Repeat exactly, and only, the lines below starting at the line that contains "जिला सेवायोजन कार्यालय, कलेक्ट्रेट" and ending at the line that contains "寶勝科技創(chuàng)新", inclusive of both.

:: RECORDS SUPPLIED ::

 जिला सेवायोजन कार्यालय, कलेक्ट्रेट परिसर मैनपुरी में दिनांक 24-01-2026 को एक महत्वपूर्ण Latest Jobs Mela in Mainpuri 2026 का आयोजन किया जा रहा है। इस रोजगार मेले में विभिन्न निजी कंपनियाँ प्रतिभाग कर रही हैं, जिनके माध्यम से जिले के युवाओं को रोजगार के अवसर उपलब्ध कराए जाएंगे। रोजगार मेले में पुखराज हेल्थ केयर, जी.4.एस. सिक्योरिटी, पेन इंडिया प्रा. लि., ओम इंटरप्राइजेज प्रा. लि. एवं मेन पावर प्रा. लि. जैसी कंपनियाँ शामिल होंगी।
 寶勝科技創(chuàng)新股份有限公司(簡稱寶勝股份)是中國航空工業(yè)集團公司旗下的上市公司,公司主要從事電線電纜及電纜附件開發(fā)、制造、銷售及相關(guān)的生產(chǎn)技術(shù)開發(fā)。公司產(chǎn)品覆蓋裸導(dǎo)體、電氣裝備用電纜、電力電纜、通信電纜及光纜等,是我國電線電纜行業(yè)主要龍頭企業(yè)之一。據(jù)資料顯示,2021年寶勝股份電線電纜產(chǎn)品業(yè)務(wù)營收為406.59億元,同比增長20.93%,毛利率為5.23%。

:::
:: RECORDS SUPPLIED ::

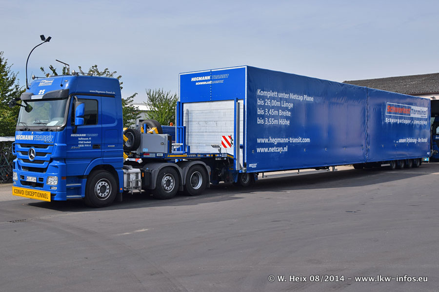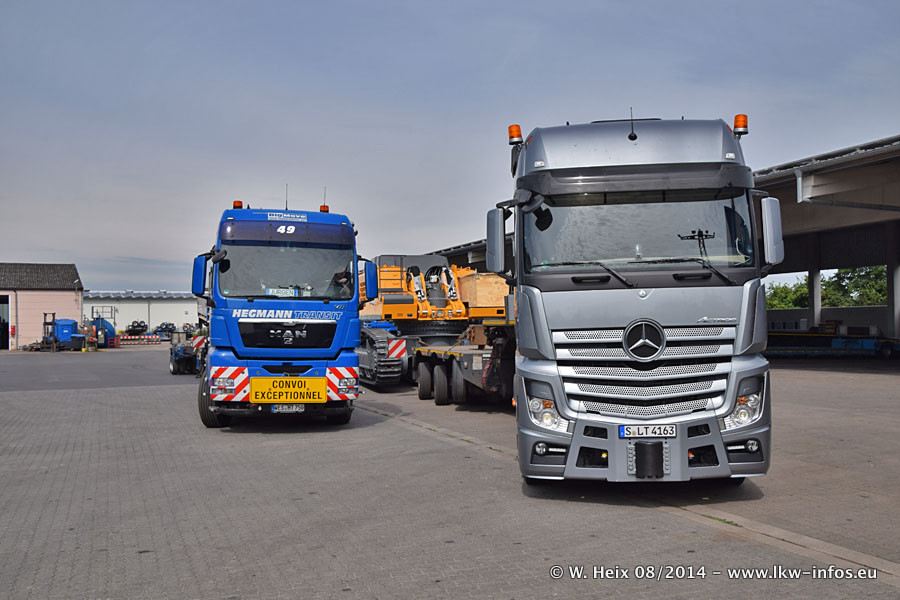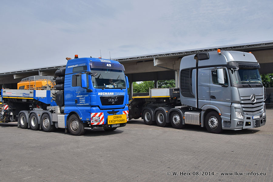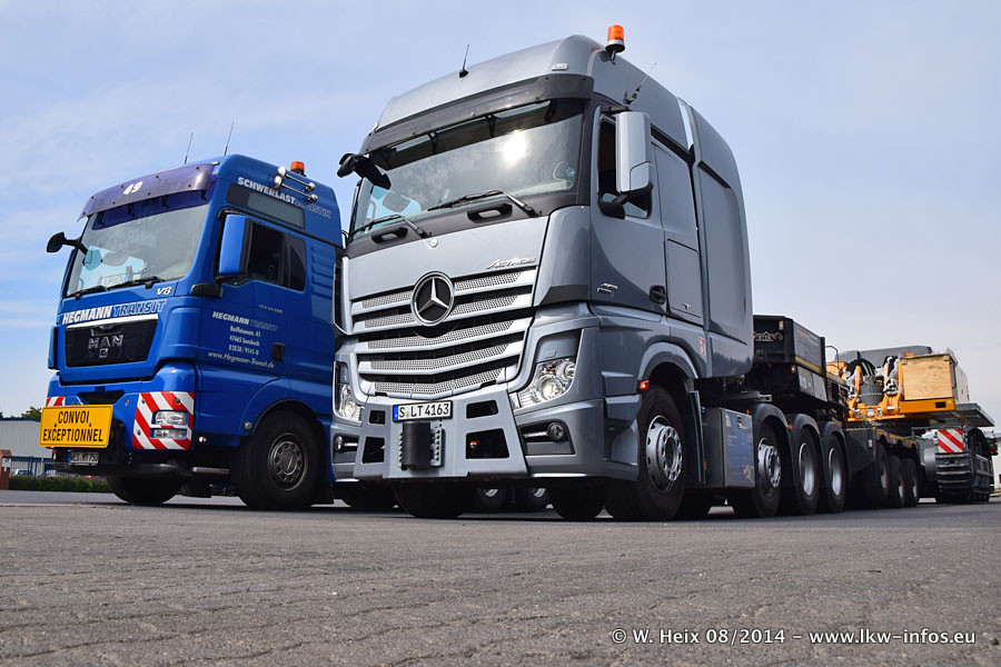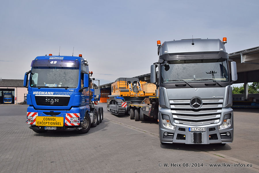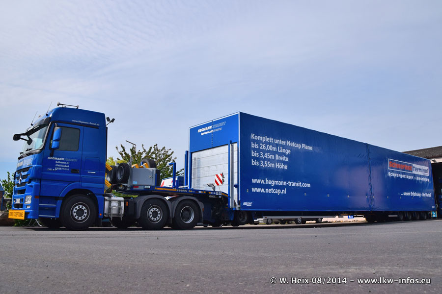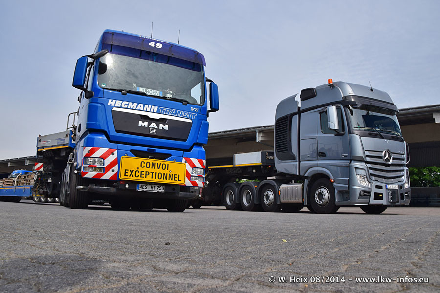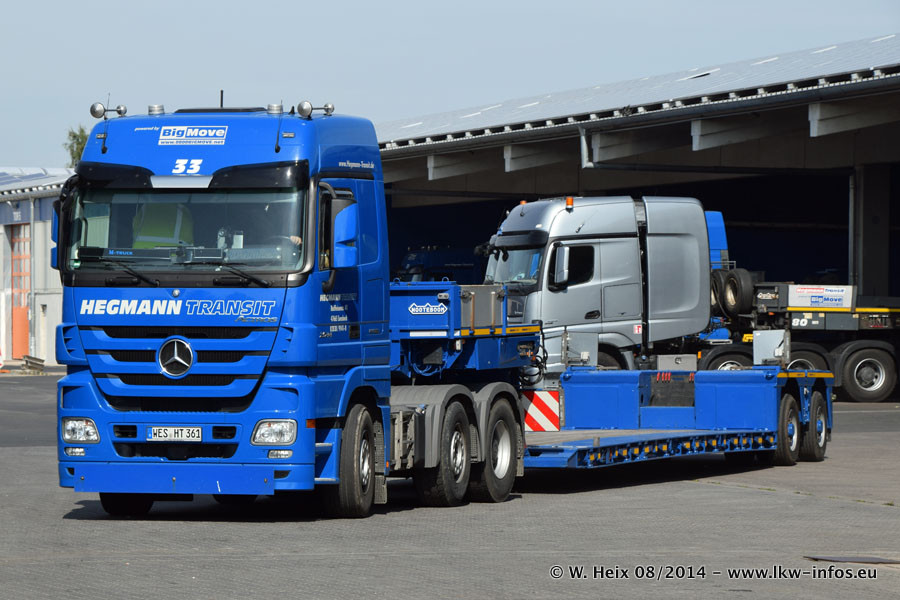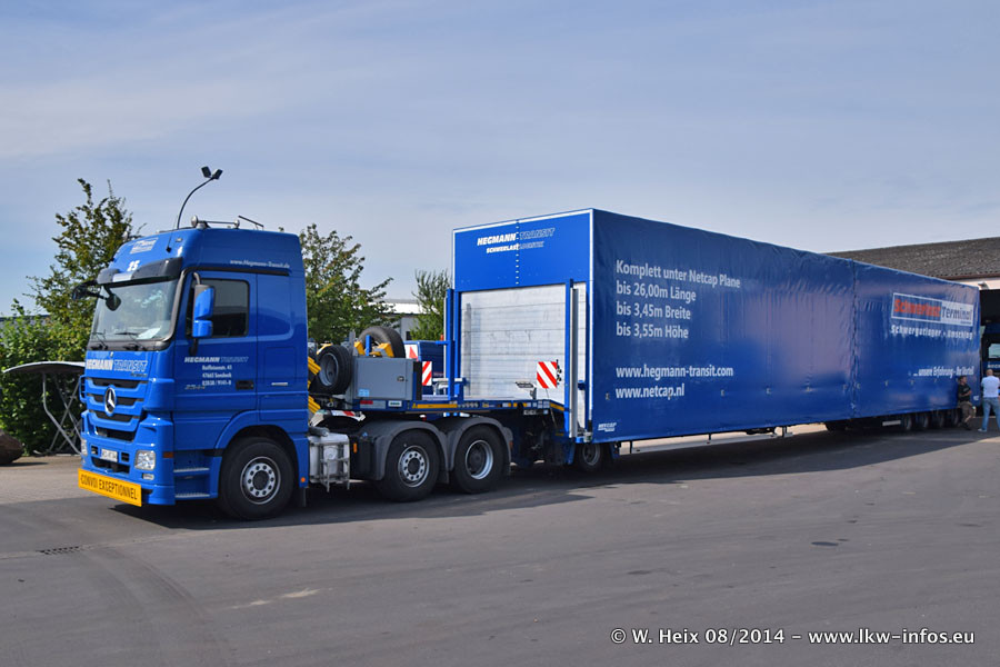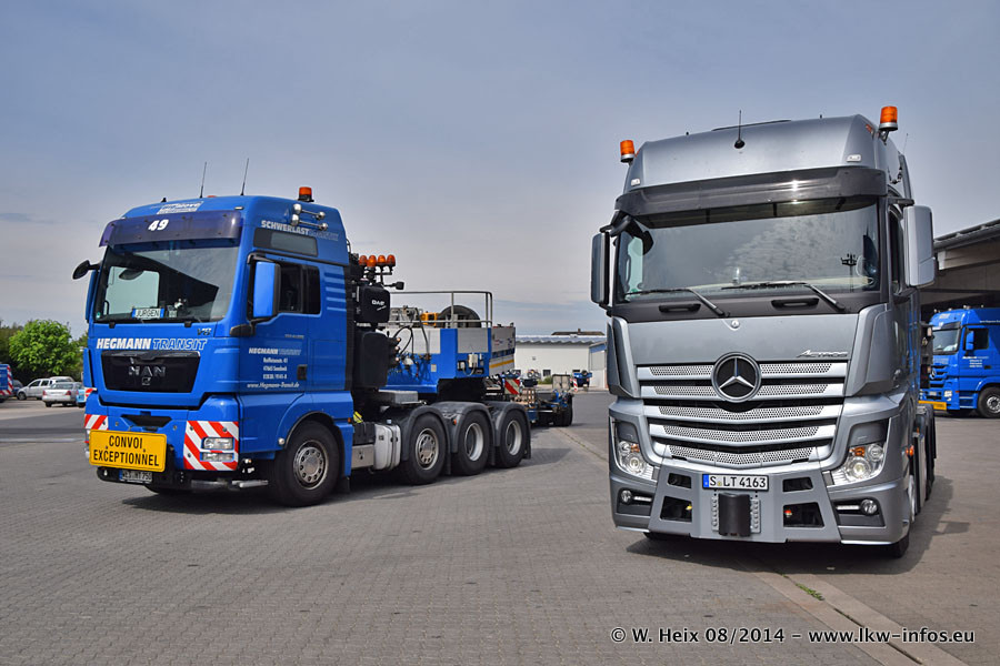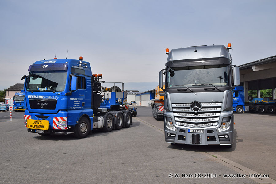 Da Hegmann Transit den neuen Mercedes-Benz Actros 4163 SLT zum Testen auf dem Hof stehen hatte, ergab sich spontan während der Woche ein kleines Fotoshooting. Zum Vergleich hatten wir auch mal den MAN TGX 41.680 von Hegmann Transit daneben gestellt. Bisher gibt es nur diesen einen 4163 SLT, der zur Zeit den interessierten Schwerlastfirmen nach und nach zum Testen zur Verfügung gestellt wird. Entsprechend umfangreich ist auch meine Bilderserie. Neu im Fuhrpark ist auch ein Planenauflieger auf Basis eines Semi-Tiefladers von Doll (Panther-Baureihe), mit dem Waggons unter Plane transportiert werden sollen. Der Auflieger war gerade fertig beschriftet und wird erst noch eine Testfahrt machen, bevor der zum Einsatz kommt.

:::

• **FINAL ANSWER**
 जिला सेवायोजन कार्यालय, कलेक्ट्रेट परिसर मैनपुरी में दिनांक 24-01-2026 को एक महत्वपूर्ण Latest Jobs Mela in Mainpuri 2026 का आयोजन किया जा रहा है। इस रोजगार मेले में विभिन्न निजी कंपनियाँ प्रतिभाग कर रही हैं, जिनके माध्यम से जिले के युवाओं को रोजगार के अवसर उपलब्ध कराए जाएंगे। रोजगार मेले में पुखराज हेल्थ केयर, जी.4.एस. सिक्योरिटी, पेन इंडिया प्रा. लि., ओम इंटरप्राइजेज प्रा. लि. एवं मेन पावर प्रा. लि. जैसी कंपनियाँ शामिल होंगी।
 寶勝科技創(chuàng)新股份有限公司(簡稱寶勝股份)是中國航空工業(yè)集團公司旗下的上市公司,公司主要從事電線電纜及電纜附件開發(fā)、制造、銷售及相關(guān)的生產(chǎn)技術(shù)開發(fā)。公司產(chǎn)品覆蓋裸導(dǎo)體、電氣裝備用電纜、電力電纜、通信電纜及光纜等,是我國電線電纜行業(yè)主要龍頭企業(yè)之一。據(jù)資料顯示,2021年寶勝股份電線電纜產(chǎn)品業(yè)務(wù)營收為406.59億元,同比增長20.93%,毛利率為5.23%。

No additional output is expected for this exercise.